Моя жизнь во время учебного года сильно отличалась от летней жизни на Кейп-Коде. С одной стороны, мне было одиноко. Тот особняк, который мы с Питером называли домом с начала второго замужества матери, не способствовал семейной близости и общению. Наши с Питером спальни – равно как и остальные пятнадцать спален в доме – находились слишком далеко от семейной комнаты, чтобы мы могли подслушивать негромкие родительские разговоры, не говоря уже о том, чтобы засыпать под их успокоительные далекие вибрации. Дом был так велик, что в нем не задерживались даже определенные запахи конкретных помещений – например, аромат коричного сахара в кухне после того, как мать пекла пончики, или дымок от разожженного камина в кабинете. Звуки и запахи терялись в этой обширности.

Кроме того, дом 100 по Эссекс-роуд был выставлен на продажу уже в момент нашего приезда, что создавало ощущение непостоянства нашего места жительства. Этот дом невозможно было протопить в те скудные на электроэнергию годы и еще невозможнее продать; единственное добросовестное предложение поступило от Церкви объединения[11], то есть от мунистов, но соглашаться на сделку, которая повредила бы родовой репутации Чарльза, было никак нельзя. Что подумают соседи? Поэтому мать и отчим делали то, что делали представители «белой кости» из поколения в поколение: проживали остатки фамильного состояния, поддерживали внешнее благополучие и сильно пили.
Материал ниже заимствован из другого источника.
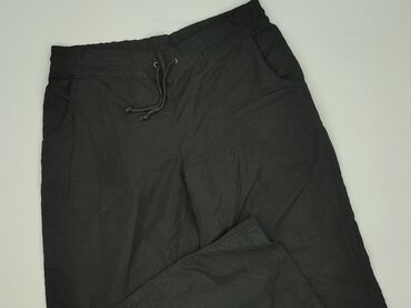 Czarne, prążkowane spodnie dresowe/joggery - Krój: zwężane nogawki, średni stan - Talia: elastyczna gumka + sznurek do regulacji - Materiał: 100% poliester (metka na zdjęciu) - Struktura: wyraźny p...

Типичный день из нашей тогдашней жизни протекал примерно так: каждое утро Чарльз, шаркая, отправлялся на работу в инвестиционный банк и брокерскую фирму, основанные его дедом и носившие родовое имя. Он недолюбливал свою работу, но, к счастью, страсть к археологии дарила ему некоторое утешение и позволяла мириться с этим отупляющим уделом. Начиная с десятого класса мой брат пошел в одну новоанглийскую частную школу, а я в другую. Питер поступил в Роксбери-Латин, независимую школу для мальчиков, а я – в Милтон-Академи, солидное заведение с величественным кампусом, просторными зелеными лужайками, ухоженной территорией и импозантными зданиями из красного кирпича, чьим девизом было «смею быть правдивым». А наша мать заполняла свои дни… ну, я никогда не знала точно, чем она занималась. Может быть, расхаживала по громадной фамильной резиденции, пытаясь вписаться в эти декорации, достойные кантри-клуба, или размышляя, как начать новую карьеру после того, как забросила старую. А может быть, просто гадала, не совершила ли она огромную ошибку.

Во время учебного года мы с Питером ужинали вместе за кухонным столом каждый вечер примерно в шесть, как раз когда Малабар с Чарльзом открывали свой неспешный час коктейлей. Ритуал начинался с оживленной дискуссии о том, что они будут пить сегодня: бурбон или скотч. Это решение всегда давалось им нелегко, поскольку предполагало определенные обязательства на весь вечер. Если выбрали бурбон, значит, бурбон и будет, причем не только в первых порциях – по глотку со льдом, – но и в «Манхэттене» и его повторах. Очень редко в барной карте фигурировали ром или ржаной виски. Но водка – никогда, по крайней мере никогда по вечерам (зато порой пробиралась в «Кровавую Мэри» за бранчем). И уж точно ни разу не было джина, который Малабар страстно презирала. Ее мать, Вивиан, поила им дочь с двенадцати лет в качестве средства для облегчения менструальных спазмов. И хотя Малабар так и не простила мать за то, что она вычеркнула прекрасный напиток из ее коктейльного репертуара, мне она прописывала то же самое «лекарство», создав в моем подсознании ассоциацию между джином и менструацией, от которой я не могу отделаться и сегодня.